By building my own monitoring station I could at least get information that, if not as accurate as that from a professionally built station, is at least trustworthy (in the sense of being under my personal control) and relevant to my exact location.
So over the following year I designed and built the station. It was up and running in September 2017 and was officially launched on the web in November of that year.
This station uses Geiger tubes. A scintillation counter would arguably have been better, as these tell you what's actually in the fallout. However, a scintillation counter is much more expensive (thousands of dollars rather than a few hundred) and complex to set up. This station is, however, still fairly sensitive. With the default 1 hour filter, it can pick up changes in background level above +/- 1.5%, so it should give at least some idea of what's going on.
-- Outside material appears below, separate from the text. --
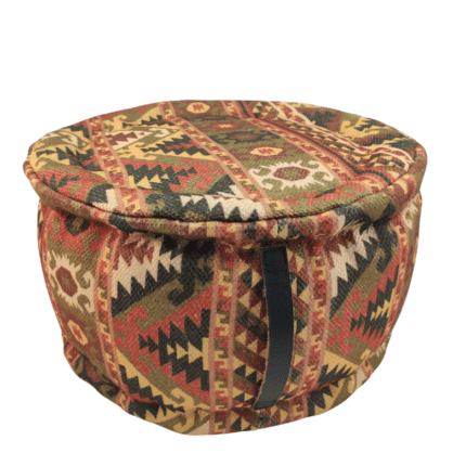 Rust & Off White Color Decor Living Room Cotton Pouf with Leather Handle – PF 132 (40x40x40cm)
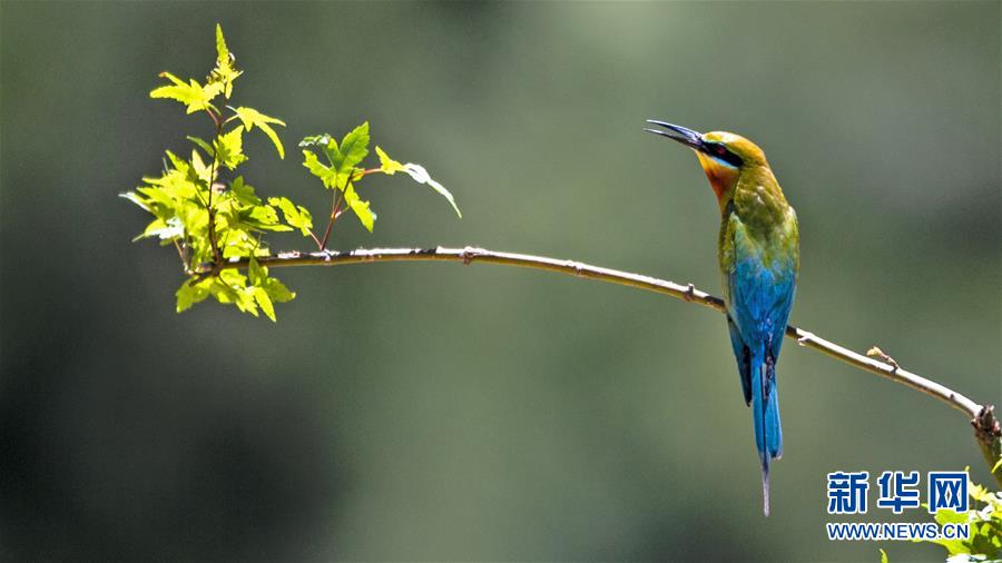 栗喉蜂虎在福建省晉江市深滬鎮(zhèn)科任村一山坡上覓食嬉戲(6月12日攝)。入夏以來,逾百只栗喉蜂虎飛臨閩南晉江市深滬鎮(zhèn)科任村筑巢棲息。新華社記者記者梅永存攝。

Throughout this page I have used the term "Radiation" for the purposes of brevity. Technically I am referring to ionising radiation, and more specifically gamma radiation above perhaps 20 keV. The Geiger tubes in this station will not detect alpha radiation and have an unknown (and probably low) sensitivity to beta radiation.
Ionising radiation is the unequivocally bad stuff you get from nuclear fallout. This station is not concerned with non-ionising radiation, such as one gets from WiFi, mobile phones etc.
This station was custom designed and built. It currently consists of two nominally identical Geiger counters, in order to provide some level of redundancy.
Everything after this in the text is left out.